For Krishnan, the food business has proved exciting. The culinary offerings from India are the result of centuries of tweaking and perfection. At a time the world is worrying about climate change and sustainability, agriculture in India holds great potential, Krishnan points out.

He is an avid researcher, sourcing grains from many different parts of India on his frequent travels through India. Krishnan travels to villages that specialize in heritage varieties of rice and has learned how a grain like millet requires much less water for growth than rice or wheat, is more resilient and can be grown without pesticides.

In his expansive kitchen, Krishnan continues to experiment with dosa and idli batters that address people with dietary needs. Oats, quinoa, millet and many healthier varieties of rice are just some of the grains he uses for batters aimed at a specific audience. The possibilities are endless, he says, as he looks toward how he can revolutionize the eating habits of Americans.

"Maybe we will sell a billion dosas and have bigger arches than McDonald's," Krishnan says at a recent event showcasing all his products. He's well aware that the popularity of the dosa as a food may be guaranteed only when non-Indians line up to pick up Shastha's batter at Costco.

Thanks in part to social media and global connectedness, the goodness of dosa and idli are being noticed by consumers who aren't of Indian heritage.

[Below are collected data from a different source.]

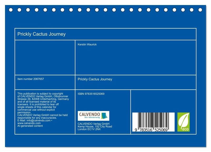 QUALITY - High-quality photo calendar with 12 beautiful images on light-resistant paper, robust spiral binding.SUSTAINABLE - Significant waste reduction due to print-on-demand production, environmentally friendly FSC-certified paper, produced locally, climate-conscious logistical processes.PERFECT GIFT - calendars for friends and family, for children, all ages and all occasions, from Christmas to birthdays and everything in between.LOTS OF CHOICE - Wall calendars in different sizes (DIN A4 and DIN A3), for any topic and personal taste, featuring photography, painting and illustrations.Flowering spines - An annual journey through cacti von Autor(in): Kerstin Waurick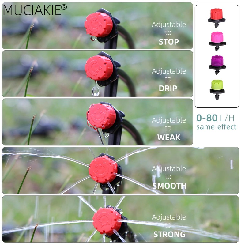 -調節可能なドリッパー: 8コンセント。 調整可能-その流量調整は、水やりを大きなドリップスプレーから穏やかな流れのパターンに変えるか、完全に遮断することを意味します。 フロー調整用のシンプルな指先キャップコントロール。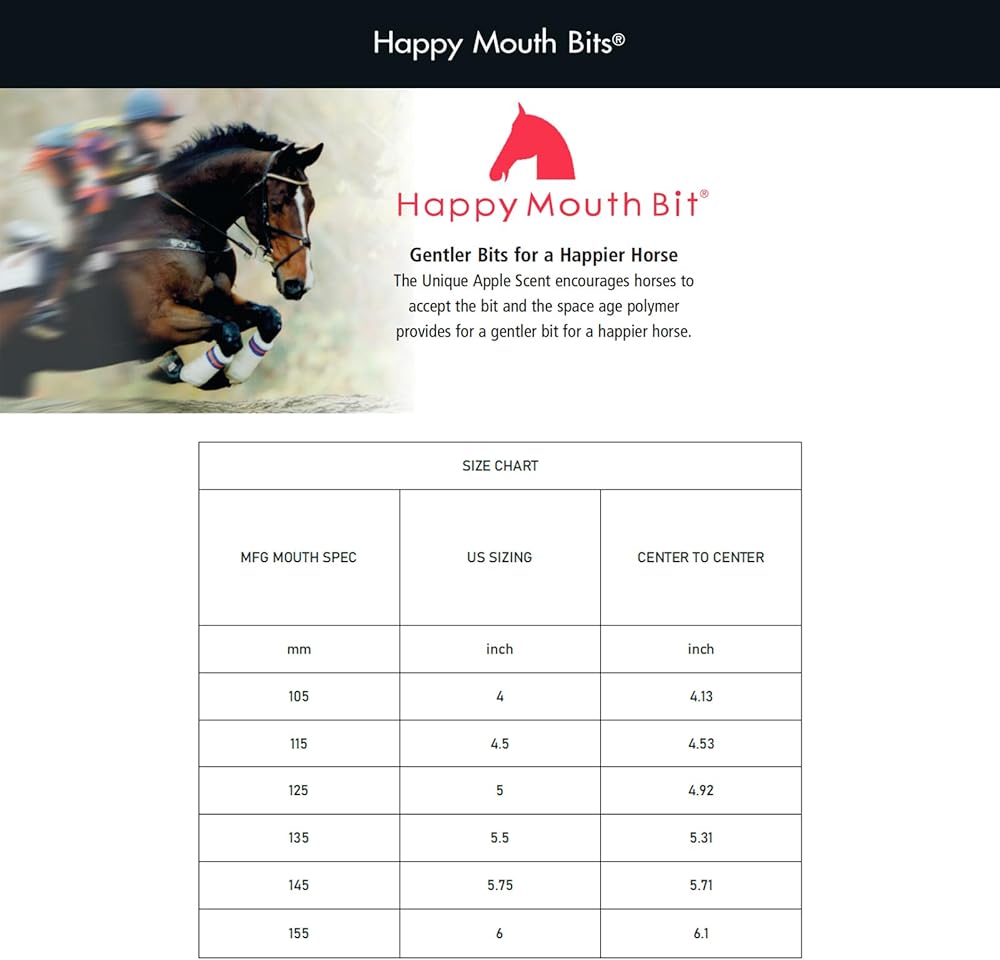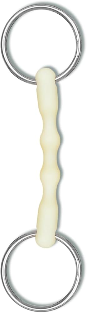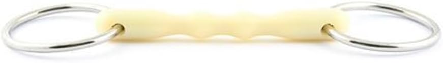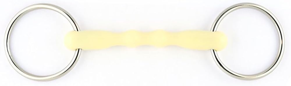 HAPPY MOUTH MULLEN SHAPED LOOSE RING BIT - APPLE SCENTED STAINLESS STEEL/POLYMER MILD SNAFFLE MOUTHPIECE BIT FOR HORSE RIDING Selecting the mildest bit that still allows for clear communication is crucial, and this mullen shaped loose ring horse bit meets that criterion perfectly. Featuring a unique apple scent and a soft polymer middle, this horse riding snaffle bit ensures maximum comfort for your horse. The smooth surface design minimizes scratching, offering a pleasant experience for your equine companion. The loose ring design allows the mouthpiece to slide, ensuring it rests in the most comfortable position for the horse, promoting relaxation and encouraging chewing for a happier, more contented ride. Unlike other snaffles, the loose ring design offers more movement and play, discouraging the horse from leaning on the bit. Designed with versatility in mind, this horse bit is the perfect choice for various equestrian disciplines, including hunting, jumping, eventing, dressage, hunter jumper, equitation, cross country, and leisure riding. Whether you're a seasoned rider or a novice, this horse bit caters to all skill levels and preferences.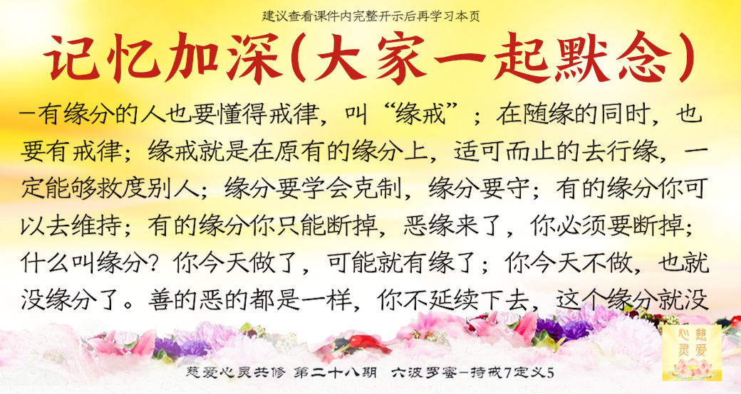 有缘分的人也要懂得戒律,叫“缘戒”。夫妻不是有缘分吗?如果你知道你太太是欠你的,你拼命地欺负她,那你一定会得到报应的。所以,在随缘的同时,也要有戒律。这个事情虽然给我这个机会了,但是我也不能用过头,我也要懂得戒,适可而止,中庸之道。大家要知道,缘戒就是在原有的缘分上,适可而止的去行缘,一定能够救度别人。如果你对别人随缘帮助好了,你是不是能够救度别人啊?如果你碰到事情想通、想开了,你不是对自己好了吗?你是不是自己能够救度自己?最后你才知道,原来是你自己救了你自己。想一想,你们现在学佛的人,是谁在救你们?是你们救了你们自己啊。如果你们不给自己这个机会,你们怎么可能学习到佛法呢?是你们自己救了自己,大家听得懂吗?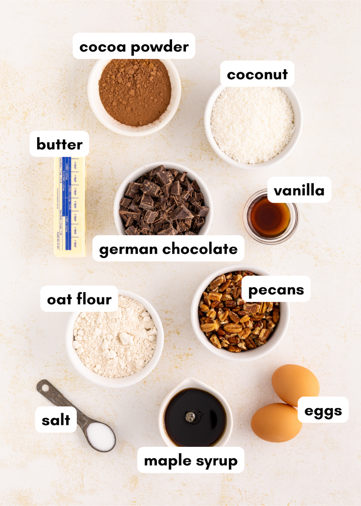 🥣 Main Ingredients: German chocolate, oat flour, maple syrup, coconut, pecans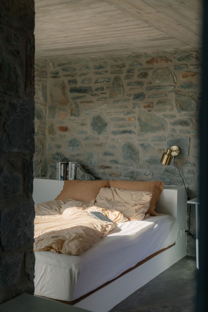 “户外之家” 是基斯诺斯岛(Kythnos Island)附近 “皮佩里住宅”(Piperi House)的客房,它坐落于山坡露台之上,与天然石材景观完美融合。入口形似花园门,进入后,皮佩里岛(Piperi Island)的景致映入眼帘,与由两道平行石墙围合而成的无边界露台融为一体。在这里,岩石与大海仿佛交融在一起,将岛屿的自然之美延伸至陆地。继续前行,视野愈发开阔,带有石制基座的 “户外之家” 便映入眼帘。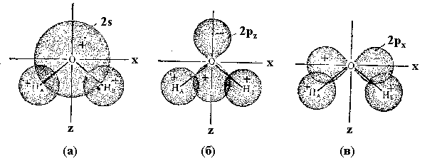 Рис.4. Перекрывание 2s- (а), 2px- (б) и 2pя- (в)орбиталей атома кислорода с 1s-орбиталями двух атомов водорода молекулы воды.

Dosas have also become popular food truck fare and Krishnan's dream of bringing the dosa to everyday American life may not be a pipe dream, after all.

Keith Sarasin, chef and owner of Aatma Pop Up Restaurant and founder of The Farmers Dinner in New Hampshire, believes that the dosa is a perfect food.

"It teaches you about fermentation, patience and how something simple can be so complex. From the crispy texture to the incredible accompaniments, dosa is the great equalizer of foods," he says. "It brings together all walks of life, from vegan to gluten-free and everyone in between."

Like Krishnan, Sarasin, too, has been a savvy and enthusiastic ambassador of regional foods from India. Both talk about the misconceptions over food originating from the Indian subcontinent. The Western world assumes that Indian food comprises samosa, naan and tandoori chicken based on the fare they see at commercial establishments and restaurants.

Krishnan is working hard to change this mindset. The strength of food from the Indian subcontinent — there is no one standard "Indian cuisine" — is really based on its many different cuisines, each of which has its own unique flavors and food treatments.

Building his business around food has been his main focus but Subramanian Krishnan says he has also remembered to give back to the community that supported him. He donates generously to several dozen causes and charities close to his heart. Among them are Community Seva, which feeds the hungry in the Bay Area; One School at a Time, which seeks to improve public schools in Uganda; India Literacy Project, an India-based literacy program; Cancer Institute Foundation, focused on the cause, prevention and treatment of cancers common in India; Sankara Eye Foundation, which seeks to eradicate curable blindness in India; Sankara Nethralaya, an eye-care hospital in Chennai, India; Inclusive World, a San Jose-based nonprofit that develops skills and abilities of differently abled individuals; Maitri, a Bay Area nonprofit that helps abuse survivors from South Asia; and Akshaya Patra Foundation, a non-governmental organization in India striving to end classroom hunger.

In fact, many of these same charities appear on a drop-down menu when a customer is checking out; the site states that Shastha Foods will contribute 3 percent of the purchase value to the selected charity.

While he feels fortunate to be even capable of such philanthropy, this dosa king dreams of the day when signs for a dosa will appear along America's highways.

When his dosa batter landed at Costco, it signified a giant leap. Quite naturally, he was over the moon. "It's an important step for mankind," he says, beaming.